Действительно, роль цитат и реминисценций в шизотипическом осколочном мышлении людей конца XX в. огромна (вероятно, она была также очень большой и в эпоху Серебряного века, судя по художественным текстам; да, наверное, и в пушкинскую эпоху тоже; да, наверно, и всегда в культуре). Мы в детстве все время обменивались цитатами из любимых фильмов – «Бриллиантовой руки», «Кавказской пленницы, «Двенадцати стульев», «Белого солнца пустыни», «Семнадцати мгновений весны». Например, когда кто-то делал нечто неловкое и ему это ставили в вину, он спрашивал: «А часовню тоже я развалил?» Большую роль в пополнении цитатного запаса сыграла появившаяся после перестройки телереклама. Она не рекламировала товары – товаров просто не существовало, – она рассказывала истории, удовлетворяя нарративный голод. Реклама выполняла функцию отсутствующей массовой нарративной культуры и фольклора. Ее смотрели, как когда-то смотрели интермедии в старинном балете. Люди, которые, с одной стороны, не знали, чем они завтра будут кормить детей, а с другой стороны, привыкшие слушать бесконечные речи Брежнева и отчасти Горбачева, лишь изредка, раз в два года (в начале 1990-х) перебиваемые достаточно увлекательными политическими спектаклями, шедшими в прямом эфире, были приятно удивлены, когда на них обрушились и постепенно стали частью их телевизионного быта забавные анекдоты про графа Суворова и Петра I (Российская история – банк «Империал»), а затем про удачливых Галину Ивановну и Леню Голубкова.
В любом сообщении есть денотат и сигнификат, то, о чем говорится, и то, как об этом говорится. В любой обычной рекламе эти два аспекта знакообразования неразрывно связаны. От того, как сказано об этом, зависит, купят ли это. В русской телерекламе сигнификат резко превышает денотат, как подавляет что. История рассказывается не для того, чтобы купили, а для того, чтобы было забавно смотреть.

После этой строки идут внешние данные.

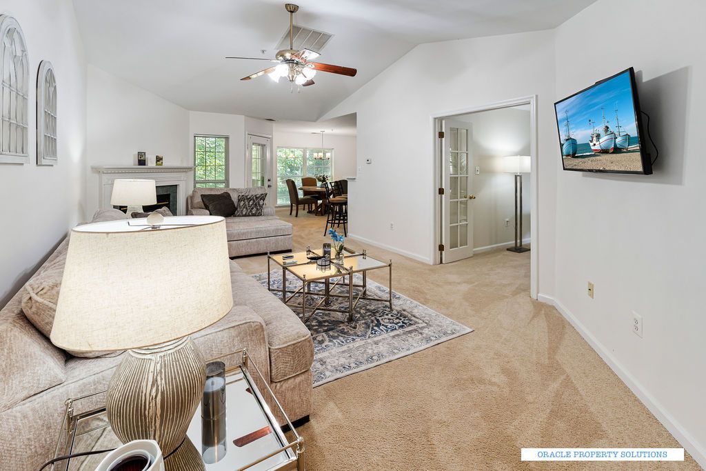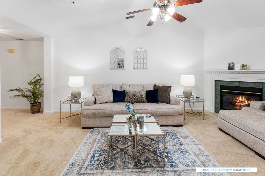 3 BR 2BA clean 1 level condo with garage boasts updated charm and living with many shopping & commercial areas within close vicinity. Cathedral ceiling natural light living room seating and dining area combined with a gas fireplace for entertaining guest.

Это была в принципе ситуация нездоровая, невротическая. Лакан в свое время сформулировал закон, в соответствии с которым преобладание в сообщении как над что (означающего над означаемым) является признаком симптоматической, нездоровой речи[85]. Если человек ясно и четко высказывает свою мысль, то это признак душевного здоровья, если же он мямлит, или чересчур многословен, или, наоборот, не может связать двух слов, мнется и запинается, то это первый признак душевного неблагополучия, признак того, что, как говорил один доктор, его «пора класть». Многословная, велеречивая русская реклама, с длинными затейливыми сюжетами, когда смотреть интересно, но порой просто невозможно понять, что, собственно, здесь рекламируется – это и есть признак невротической ситуации. Говорение и показ прикрывают «симптом» – в данном случае отсутствие того, о чем говорится и что показывается.
Функция нормальной рекламы, как считал Бодрийяр, состоит в том, что она должна соблазнять на покупку. Речь должна провоцировать действие: рекламщики рекламируют – обыватели покупают.
У нас было не так и остается совершенно не так. Наш принцип, сформулированный современным российским рекламным критиком, звучал следующим образом: «Реклама – все, продукт – ничто»[86].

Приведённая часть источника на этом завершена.